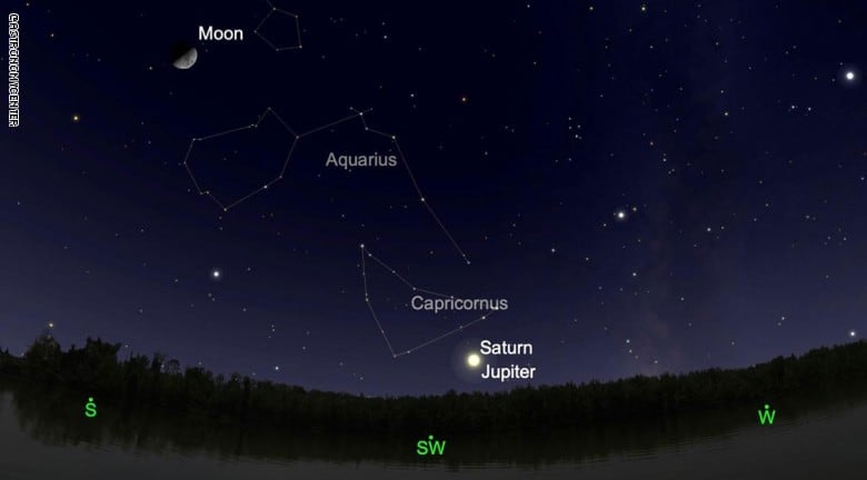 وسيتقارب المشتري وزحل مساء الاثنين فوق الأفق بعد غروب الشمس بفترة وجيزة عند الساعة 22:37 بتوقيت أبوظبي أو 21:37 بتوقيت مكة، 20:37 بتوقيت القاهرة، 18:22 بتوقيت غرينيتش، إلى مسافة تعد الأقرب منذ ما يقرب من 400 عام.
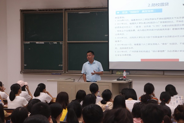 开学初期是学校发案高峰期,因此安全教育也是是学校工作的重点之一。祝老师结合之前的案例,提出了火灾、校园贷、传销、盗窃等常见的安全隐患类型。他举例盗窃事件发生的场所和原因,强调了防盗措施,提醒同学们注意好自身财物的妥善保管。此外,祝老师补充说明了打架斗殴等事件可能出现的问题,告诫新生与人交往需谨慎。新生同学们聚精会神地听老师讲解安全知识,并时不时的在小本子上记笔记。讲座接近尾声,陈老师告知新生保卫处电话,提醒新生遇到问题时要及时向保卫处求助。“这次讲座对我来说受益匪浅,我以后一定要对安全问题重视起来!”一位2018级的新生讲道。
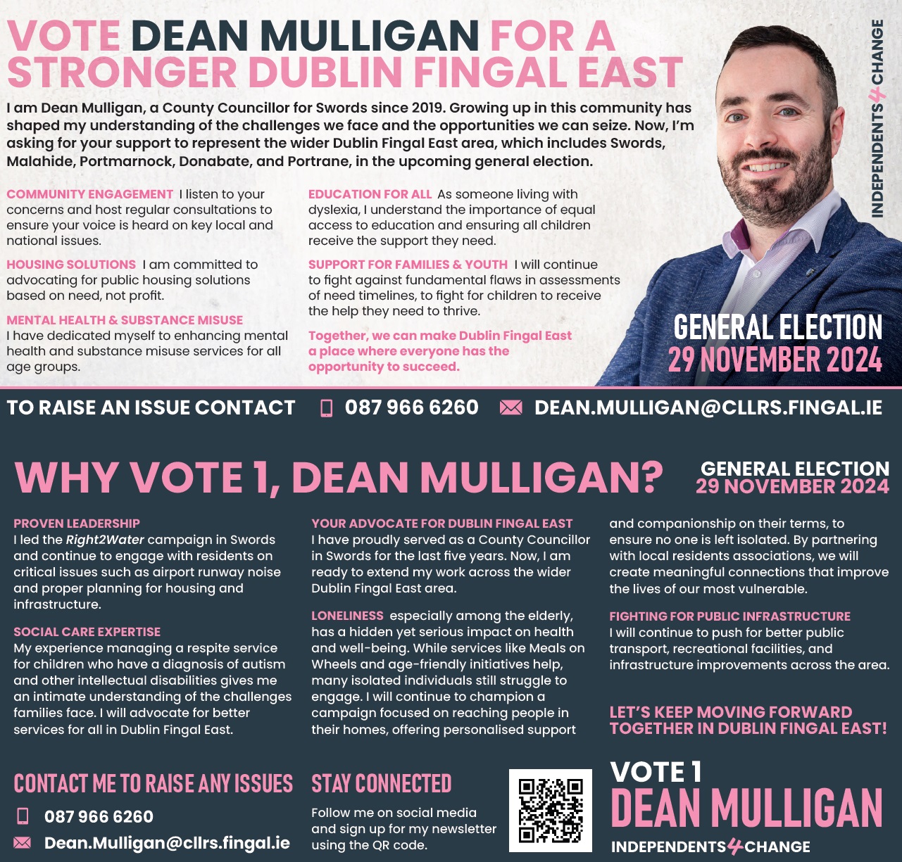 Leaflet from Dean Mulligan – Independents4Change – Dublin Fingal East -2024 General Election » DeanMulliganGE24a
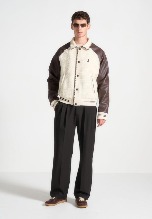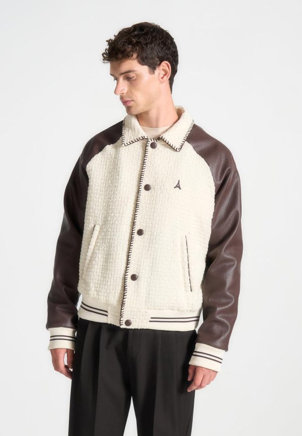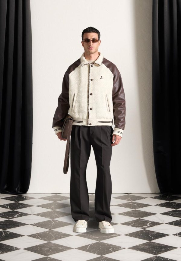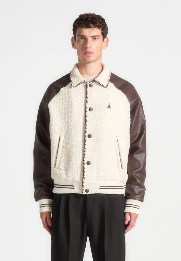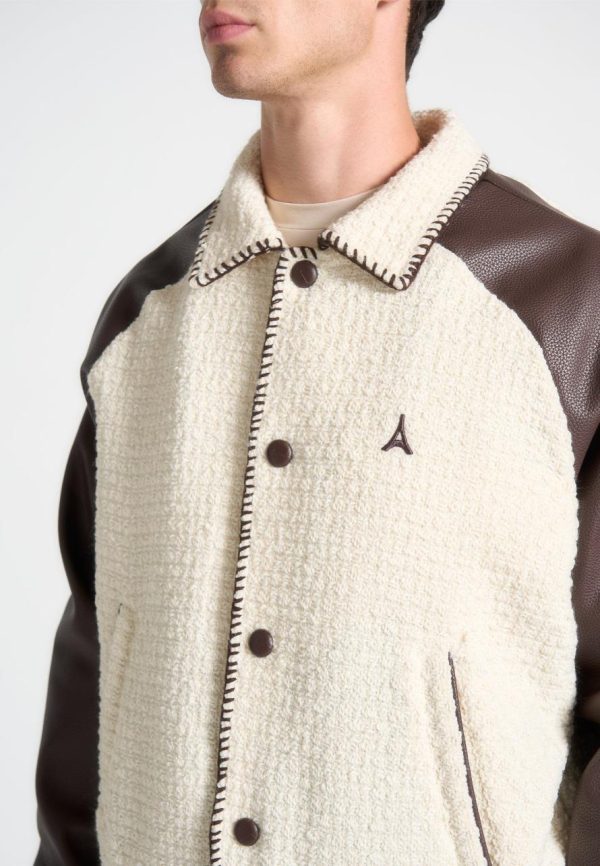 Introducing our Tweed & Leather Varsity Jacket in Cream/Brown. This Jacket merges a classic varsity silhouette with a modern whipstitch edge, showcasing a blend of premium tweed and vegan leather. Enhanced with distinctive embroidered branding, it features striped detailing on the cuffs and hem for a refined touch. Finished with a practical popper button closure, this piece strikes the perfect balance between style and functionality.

───

Problem details: Return the whole listing word for word, minus its pictures.

Written response:
 وسيتقارب المشتري وزحل مساء الاثنين فوق الأفق بعد غروب الشمس بفترة وجيزة عند الساعة 22:37 بتوقيت أبوظبي أو 21:37 بتوقيت مكة، 20:37 بتوقيت القاهرة، 18:22 بتوقيت غرينيتش، إلى مسافة تعد الأقرب منذ ما يقرب من 400 عام.
 开学初期是学校发案高峰期,因此安全教育也是是学校工作的重点之一。祝老师结合之前的案例,提出了火灾、校园贷、传销、盗窃等常见的安全隐患类型。他举例盗窃事件发生的场所和原因,强调了防盗措施,提醒同学们注意好自身财物的妥善保管。此外,祝老师补充说明了打架斗殴等事件可能出现的问题,告诫新生与人交往需谨慎。新生同学们聚精会神地听老师讲解安全知识,并时不时的在小本子上记笔记。讲座接近尾声,陈老师告知新生保卫处电话,提醒新生遇到问题时要及时向保卫处求助。“这次讲座对我来说受益匪浅,我以后一定要对安全问题重视起来!”一位2018级的新生讲道。
 Leaflet from Dean Mulligan – Independents4Change – Dublin Fingal East -2024 General Election » DeanMulliganGE24a
 Introducing our Tweed & Leather Varsity Jacket in Cream/Brown. This Jacket merges a classic varsity silhouette with a modern whipstitch edge, showcasing a blend of premium tweed and vegan leather. Enhanced with distinctive embroidered branding, it features striped detailing on the cuffs and hem for a refined touch. Finished with a practical popper button closure, this piece strikes the perfect balance between style and functionality.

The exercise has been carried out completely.